• _What you should do_
Please output the section of the listing below that opens with the line containing "成本优势:中国风光发电的平准" and closes with the line containing "When The Four", exactly and with nothing else.

• _Data supplied_
■ ■ ■ ■ ■ ■ ■

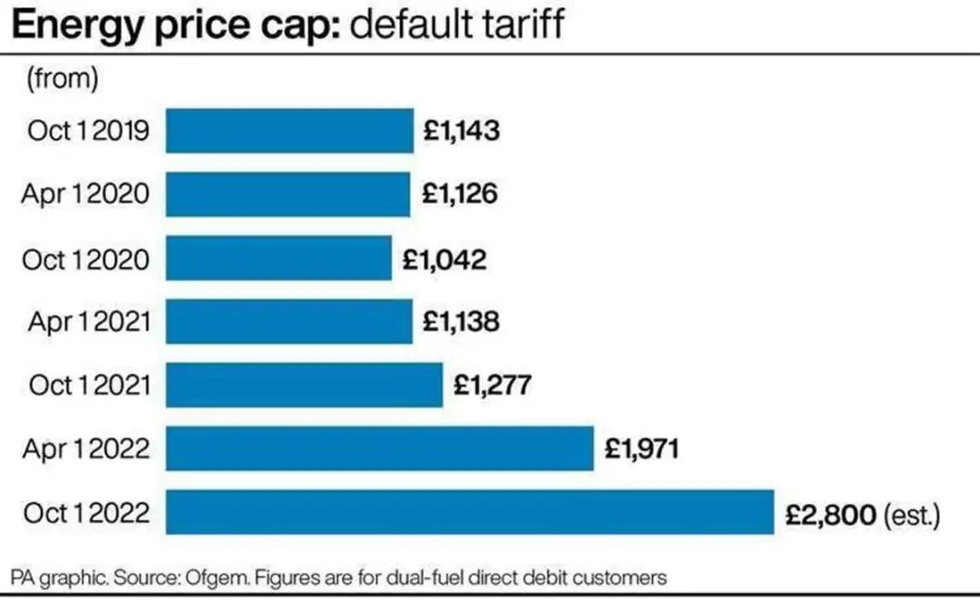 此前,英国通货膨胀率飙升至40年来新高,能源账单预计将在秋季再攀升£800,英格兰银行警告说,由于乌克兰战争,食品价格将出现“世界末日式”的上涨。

■ ■ ■ ■ ■ ■ ■

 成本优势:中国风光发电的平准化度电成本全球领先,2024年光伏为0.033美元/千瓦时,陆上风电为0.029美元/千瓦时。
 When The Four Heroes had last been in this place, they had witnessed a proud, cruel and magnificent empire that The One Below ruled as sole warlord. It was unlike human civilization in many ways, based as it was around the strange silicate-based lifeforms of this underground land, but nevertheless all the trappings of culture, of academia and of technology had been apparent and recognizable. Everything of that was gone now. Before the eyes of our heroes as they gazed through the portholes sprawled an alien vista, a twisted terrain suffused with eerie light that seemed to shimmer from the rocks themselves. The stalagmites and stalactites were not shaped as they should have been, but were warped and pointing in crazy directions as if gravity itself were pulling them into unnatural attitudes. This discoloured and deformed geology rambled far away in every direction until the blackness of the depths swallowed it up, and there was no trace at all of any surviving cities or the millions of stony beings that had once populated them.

■ ■ ■ ■ ■ ■ ■

• _Problem solution_
 成本优势:中国风光发电的平准化度电成本全球领先,2024年光伏为0.033美元/千瓦时,陆上风电为0.029美元/千瓦时。
 When The Four Heroes had last been in this place, they had witnessed a proud, cruel and magnificent empire that The One Below ruled as sole warlord. It was unlike human civilization in many ways, based as it was around the strange silicate-based lifeforms of this underground land, but nevertheless all the trappings of culture, of academia and of technology had been apparent and recognizable. Everything of that was gone now. Before the eyes of our heroes as they gazed through the portholes sprawled an alien vista, a twisted terrain suffused with eerie light that seemed to shimmer from the rocks themselves. The stalagmites and stalactites were not shaped as they should have been, but were warped and pointing in crazy directions as if gravity itself were pulling them into unnatural attitudes. This discoloured and deformed geology rambled far away in every direction until the blackness of the depths swallowed it up, and there was no trace at all of any surviving cities or the millions of stony beings that had once populated them.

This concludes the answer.